Per the earlier analysis, ensure this data concerns only Full-time students and other features to align with enrolment data.

# To do Feb 19 - explore programs data here, compare intl/dom enrolment, compare overall enrolment in categories
- EDA of the cleaned programs dataframe - which are the most popular programs, use the enrolment to determine which are the program categories of greatest relevance to revenue for schools.
- Use existing knowledge e.g. graduate certificate, graduate diploma programs growing to see which institutions invested in these.
- Any Program/Credential type categories which are esoteric or unknown, check their enrolment, if they are very small across the board we could remove them

### Audit enrolment numbers against `combined_df` and Canada-wide totals before analysis of program/credential level enrolment.

#### Individual Schools spot check

In [None]:
cleaned_program_df[(cleaned_program_df['Institution Name'].isin(['U of BC', 'York U', 'U of Alberta'])) 
                   & (cleaned_program_df['Program type'] == 'Total, program type') 
                   & (cleaned_program_df['Credential type'] == 'Total, credential type')][['FY Start', 'Institution Name', 'Domestic Enrolment', 'International Enrolment']]

Canadian Status,FY Start,Institution Name,Domestic Enrolment,International Enrolment
269,2022,U of Alberta,34653,8361
647,2022,U of BC,36735,14472
1781,2022,York U,36144,8697


In [None]:
combined_df[(combined_df['Institution Name'].isin(['U of BC', 'York U', 'U of Alberta']))
            & (combined_df['FY Start'] == 2022)][['FY Start', 'Institution Name', 'Domestic Enrolment', 'International Enrolment']]

Unnamed: 0,FY Start,Institution Name,Domestic Enrolment,International Enrolment
2859,2022,U of Alberta,34653,8361
2873,2022,U of BC,36735,14472
3181,2022,York U,36144,8697


All three institutions align in numbers so we can probably trust the numbers are good at the collection level. It was important to check here because we may remove low enrolment programs/credentials not hugely relevant to tuition fee revenue on the whole, as the analysis goes on here.

#### National/Provincial totals audited vs Canadian nationwide totals (avoid double counting total rows)
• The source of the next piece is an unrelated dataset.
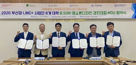 한국해양대 LINC+사업단은 29일 오후 동아대학교 승학캠퍼스 본부 대회의실에서 부산권 LINC+사업단 5개 대학(동명대·동서대·동아대·동의대·부경대)과 ‘지역사회 문제해결을 위한 민·관·산·학 협력 캡스톤디자인 프로젝트 B.SORI 공동추진을 위한 협약’을 체결했다.
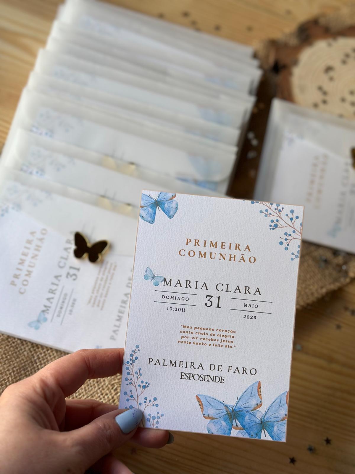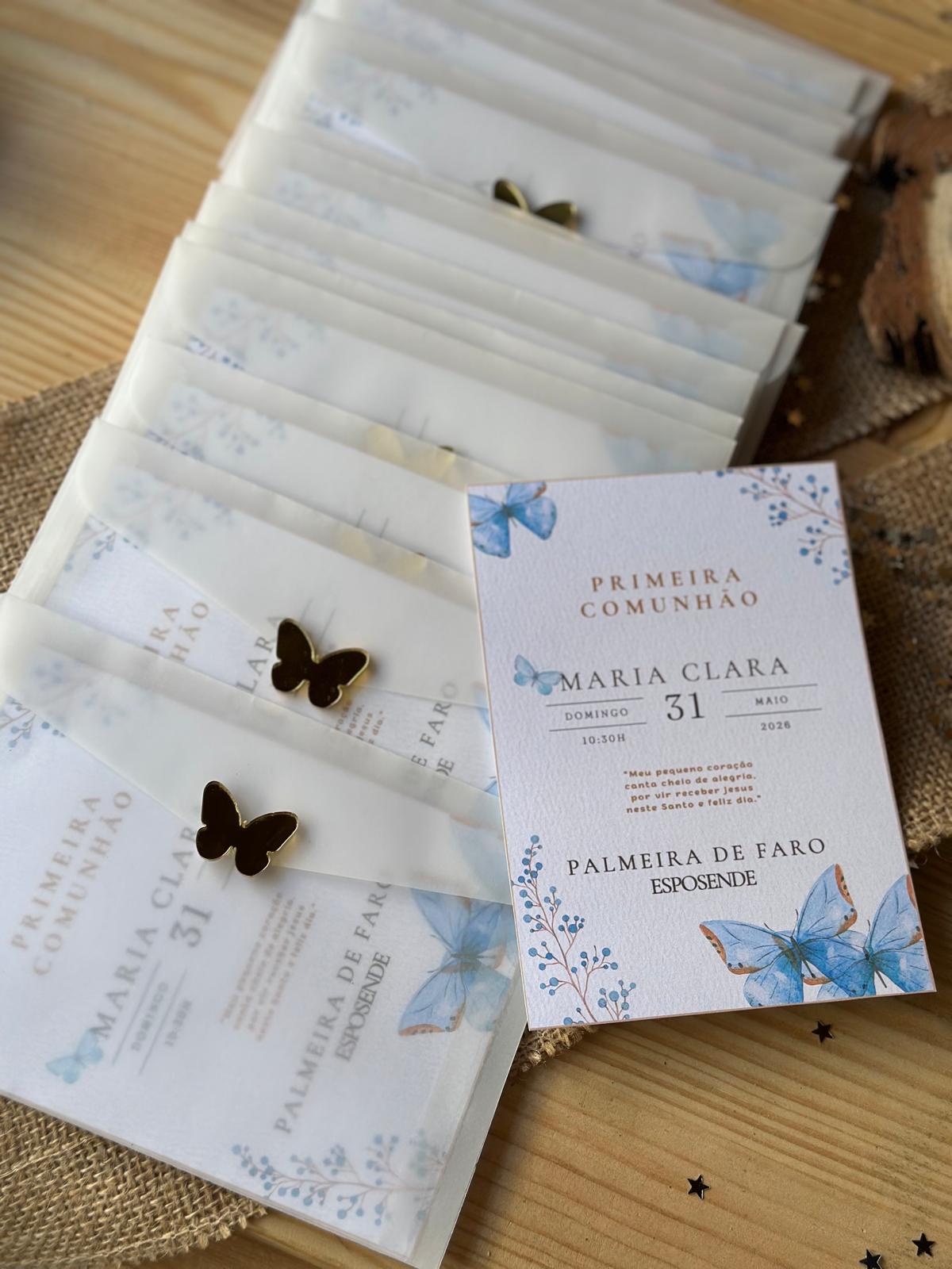 • Convites de Primeira Comunhão com borboletas azuis e fecho em forma de borboleta dourada.

In the earlier sections analysing Canada-wide statistics before breaking into province/PSI level:

- Canada-wide total domestic enrolment in 2022/23 (FY start 2022) was **1,320,684 students**
- Canada-wide total international enrolment in 2022/23 (FY start 2022) was **421,008 students**

The `cleaned_program_df` will have several instances of double-counting at the provincial total levels counting total program types and total credential types (see cell below)

In [None]:
# Note the total, program type, total credential type rows which are double counting enrolment
cleaned_program_df.sort_values(by='Domestic Enrolment', ascending=False).head(5)

Canadian Status,FY Start,Province/Territory,Institution Name,Program type,Credential type,Domestic Enrolment,International Enrolment
1551,2022,Ontario,Ontario (total),"Total, program type","Total, credential type",546672,236769
1547,2022,Ontario,Ontario (total),"Total, program type",Degree (includes applied degree),414537,93018
1557,2022,Ontario,Ontario (total),Undergraduate program,"Total, credential type",361329,69291
1553,2022,Ontario,Ontario (total),Undergraduate program,Degree (includes applied degree),359139,67233
2385,2022,Quebec,Quebec (total),"Total, program type","Total, credential type",344982,59814


This is just an extract showing the double counting. We want to show this data agrees with the previous set.
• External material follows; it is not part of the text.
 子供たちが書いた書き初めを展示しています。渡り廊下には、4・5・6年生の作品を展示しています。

Let's reconcile by grabbing the provincial totals in one dataframe and all the individual institutions and programs in another. They are just two different methods of counting enrolment with varying degrees of granularity.

Below, `programs_prov_totals` will consist only of records of the provincial totals across all programs and credentials for each province.

In [None]:
programs_prov_totals = cleaned_program_df[(cleaned_program_df['Institution Name'].str.contains('(total)')) & 
                                          (cleaned_program_df['Program type'] == 'Total, program type') & 
                                          (cleaned_program_df['Credential type'] == 'Total, credential type')
                                          ]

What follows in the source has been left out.